#### [Task prompt]
Only some lines are wanted: please transcribe exactly those from the one containing "鉴于近期国内疫情呈现点多、面" through the end of the data, pictures excluded.

*** Records for processing Section Begins ***

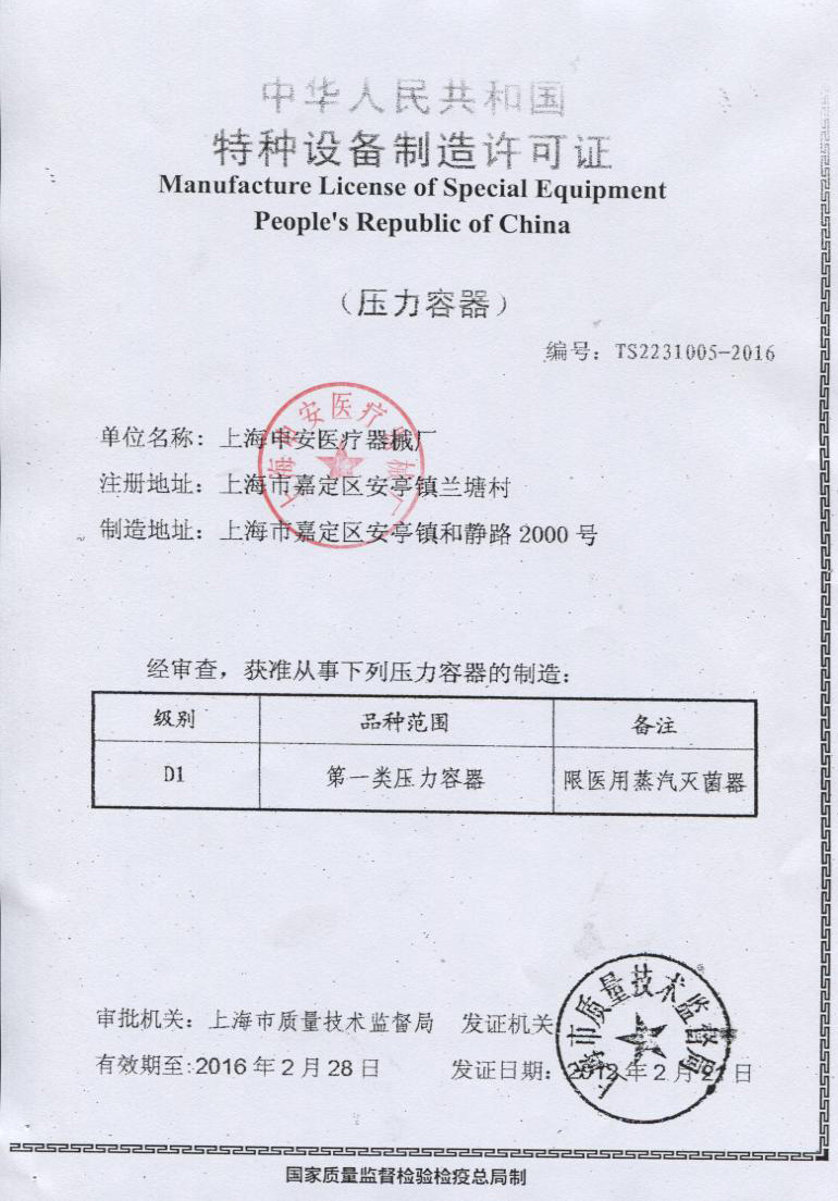 本品屬于壓力容器受控產(chǎn)品,符合國家對壓力容器設(shè)計(jì)與制作的相關(guān)規(guī)定,并取得了食藥監(jiān)產(chǎn)品注冊證和消毒產(chǎn)品衛(wèi)生許可證,是我廠研制開發(fā)的新一代智能型立式壓力蒸汽滅菌器,其結(jié)構(gòu)先進(jìn)可靠,具有快捷簡便的操作方式和功能齊全的控制系統(tǒng),在安全控制上;具有超壓自泄、斷水保護(hù)、超溫自控的數(shù)套安全聯(lián)鎖的裝置。本品操作系統(tǒng)采用先進(jìn)的微機(jī)自動處理技術(shù),滅菌運(yùn)行過程實(shí)行微機(jī)自動控制,操控臺上的液晶顯示窗顯示整個(gè)滅菌動態(tài)和功能運(yùn)行情況,產(chǎn)品主要部件采用優(yōu)質(zhì)不銹鋼材料精制而成,滅菌指標(biāo)達(dá)到國家醫(yī)用手術(shù)級標(biāo)準(zhǔn),是各醫(yī)療衛(wèi)生、大專院校、食品化工、生物科研等單位對器械、敷料、藥液、食品器皿、培養(yǎng)基等物品進(jìn)行消毒滅菌的理想產(chǎn)品。
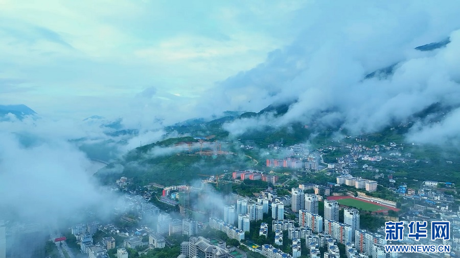 云霧下的瀘水市(8月15日 攝)。新華網發 (張翔 攝)
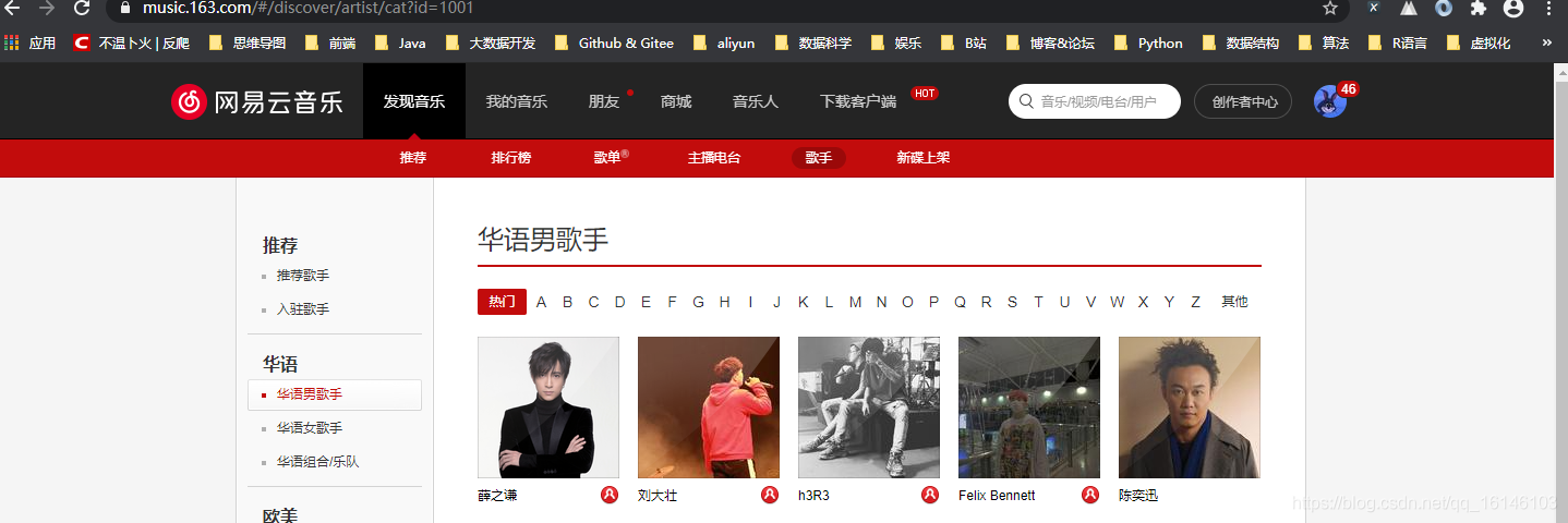 华语男歌手: https://music.163.com/discover/artist/cat?id=1001
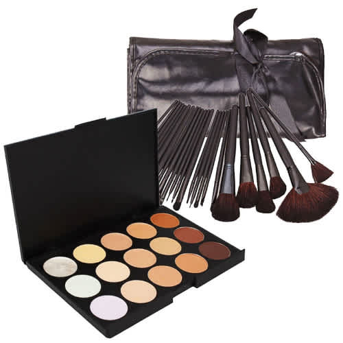 Buy 24pcs Professional Makeup Brushes - Black + 15 Colors Concealer Makeup Pallete in Nigeria
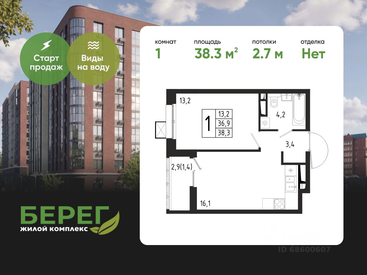 Продаётся 1-комнатная квартира в строящемся доме (Корпус 4 (2 очередь)), общей площадью 38.30 кв.м., на 2 этаже.
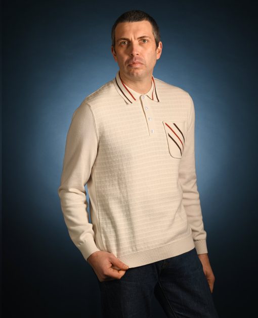 This is a copy of a top from the late 60’s, early 70’s, that we had here in our archive of vintage clothing at 66 Clothing & Mod Shoes. When I wore this top out, it always got a positive reaction, and people asked if it was one of our designs! So you know what has to happen next, we made a version of it. The distinctive pocket design and 2 colour lines, simply isn’t something you see on the high street. So whilst the design is simple, it is also different enough to set it apart from the average.
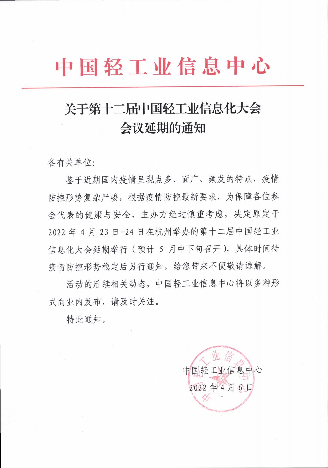 鉴于近期国内疫情呈现点多、面广、频发的特点,疫情防控形势复杂严峻,根据疫情防控最新要求,为保障各位参会代表的健康与安全,主办方经过慎重考虑,决定原定于2022年4月23日-24日在杭州举办的第十二届中国轻工业信息化大会延期举行(预计5月中下旬召开),具体时间待疫情防控形势稳定后另行通知,给您带来不便敬请谅解。
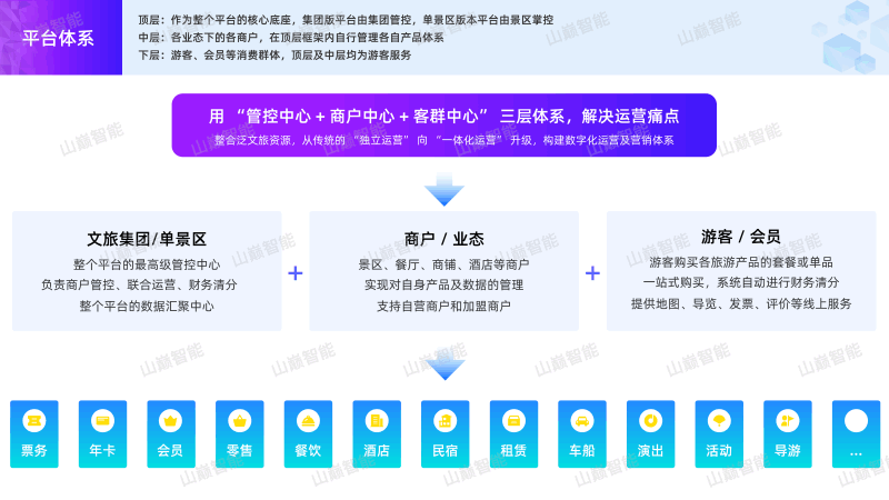 1.一体化架构,打破系统割裂壁垒:SaaS平台天然具备全域整合能力,山巅智能的一体化平台从架构设计上就实现了多景区、多商户、多业态的统一管控。通过一个管理后台、一套账户体系、一套数据体系,运营人员可完成所有业态的日常管理工作,无需在多系统间切换,大幅降低管理成本与操作门槛。这种架构**适配文旅行业“多业态融合”的发展趋势,为跨业态协作奠定基础。
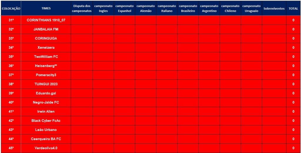 TABELA – O MAIOR CAMPEONATOS DA HISTÓRIA
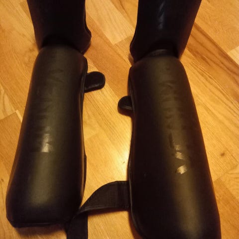 Leggbeskyttere: str M, pris 250 kr
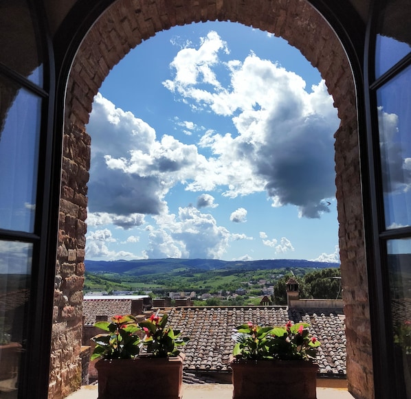 The main feature is the private tower/terrace with amazing views of the medieval town and the surround Tuscan countryside.
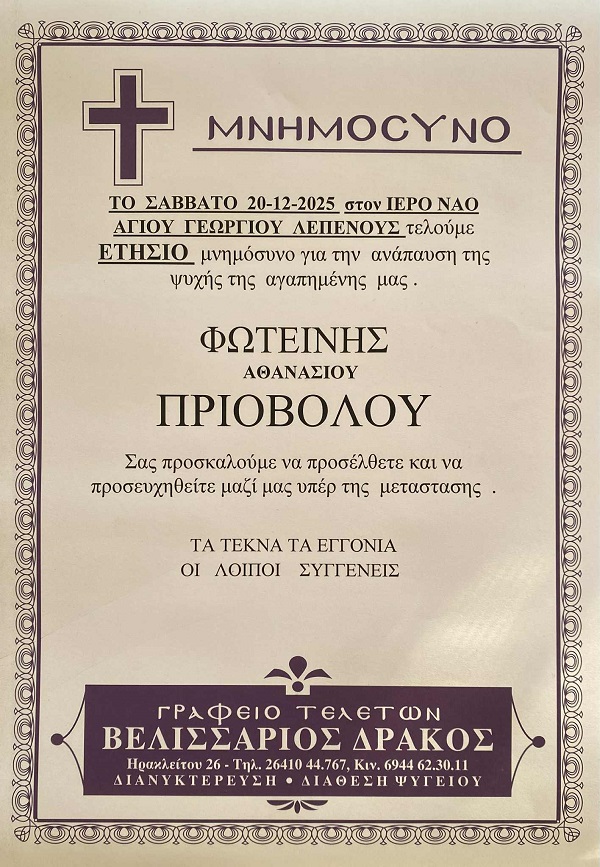 ΜΝΗΜΟΣΥΝΟ 20/12/2025 – ΦΩΤΕΙΝΗ Α. ΠΡΙΟΒΟΛΟΥ ΕΤΗΣΙΟ
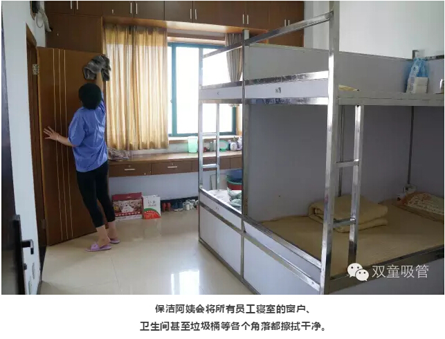 “雙童”員工集體寢室的不銹鋼床架可是參觀團(tuán)隊(duì)最津津樂道的話題之一!這些床架都是由“雙童”樓仲平自行設(shè)計(jì),在建造之初就把床架焊在地上。這樣一來,即避免產(chǎn)生垃圾死角,床下又多了一個(gè)封閉的儲(chǔ)物空間,確保員工在生活方面的便利舒適!

*** Records for processing Section Ends ***

#### [Task response]
 鉴于近期国内疫情呈现点多、面广、频发的特点,疫情防控形势复杂严峻,根据疫情防控最新要求,为保障各位参会代表的健康与安全,主办方经过慎重考虑,决定原定于2022年4月23日-24日在杭州举办的第十二届中国轻工业信息化大会延期举行(预计5月中下旬召开),具体时间待疫情防控形势稳定后另行通知,给您带来不便敬请谅解。
 1.一体化架构,打破系统割裂壁垒:SaaS平台天然具备全域整合能力,山巅智能的一体化平台从架构设计上就实现了多景区、多商户、多业态的统一管控。通过一个管理后台、一套账户体系、一套数据体系,运营人员可完成所有业态的日常管理工作,无需在多系统间切换,大幅降低管理成本与操作门槛。这种架构**适配文旅行业“多业态融合”的发展趋势,为跨业态协作奠定基础。
 TABELA – O MAIOR CAMPEONATOS DA HISTÓRIA
 Leggbeskyttere: str M, pris 250 kr
 The main feature is the private tower/terrace with amazing views of the medieval town and the surround Tuscan countryside.
 ΜΝΗΜΟΣΥΝΟ 20/12/2025 – ΦΩΤΕΙΝΗ Α. ΠΡΙΟΒΟΛΟΥ ΕΤΗΣΙΟ
 “雙童”員工集體寢室的不銹鋼床架可是參觀團(tuán)隊(duì)最津津樂道的話題之一!這些床架都是由“雙童”樓仲平自行設(shè)計(jì),在建造之初就把床架焊在地上。這樣一來,即避免產(chǎn)生垃圾死角,床下又多了一個(gè)封閉的儲(chǔ)物空間,確保員工在生活方面的便利舒適!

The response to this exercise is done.